Reward and Renew: 5 Ways to Increase Sales Performance Remotely
A Winning Strategy Falls Back on the Culture of Sales Growth
“Culture of growth” has recently become a buzzword in the L&D world. The approach that has the enablement of a growth mindset in its core is a subject to mention in discussions about the Future of Work. It’s been said that a culture of growth can help to adapt to new job roles and new technologies as well as increase the productivity and engagement of new generations of employees. So what is a culture of sales growth and why will its implementation benefit your business?
Heidi Grant, Mary Slaughter and Andrea Derler from Neuroleadership Institute define a growth mindset as both the belief that skills and abilities can be improved and that developing your skills and abilities is the purpose of the work you do.

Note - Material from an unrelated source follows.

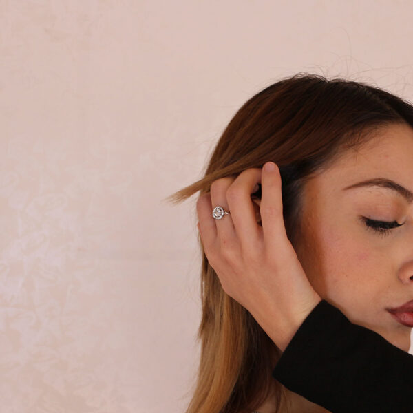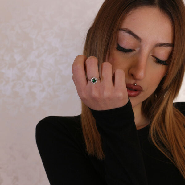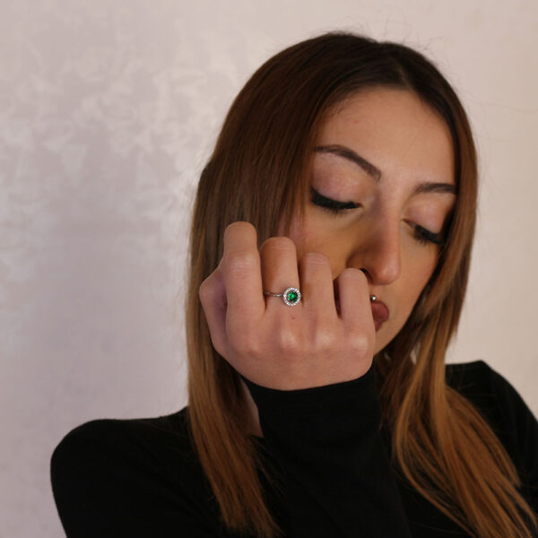 Un raffinato anello in acciaio inossidabile, caratterizzato da una pietra centrale  brillante, circondata da piccoli diamanti o zirconi. Perfetto per aggiungere un tocco di eleganza e colore al tuo stile quotidiano o per occasioni speciali.

A culture of growth is creating such an environment that is suitable for continuous improvement. By building a corporate ecosystem with a growth mindset, you drive your employees’ engagement and performance and, therefore, profits. Sounds good, right?
There are, however, a few rules to consider: a growth culture is a winning culture for corporations. It drives business productivity, organizational health and innovations but only if implemented correctly.
Here are the must-have aspects of building a culture of growth in your company.
A culture of sales growth is about the people and the development of their skills
Despite the fact that a culture of sales growth can empower employees and encourage them to perform better, it’s not right to connect it to only earning more. A sales growth mindset gives much more than that.
The focus on each employees’ individual working priorities, performance and potential, and accessing them through learning and working experiences and collaboration within an organization is the foundation for continuous improvement.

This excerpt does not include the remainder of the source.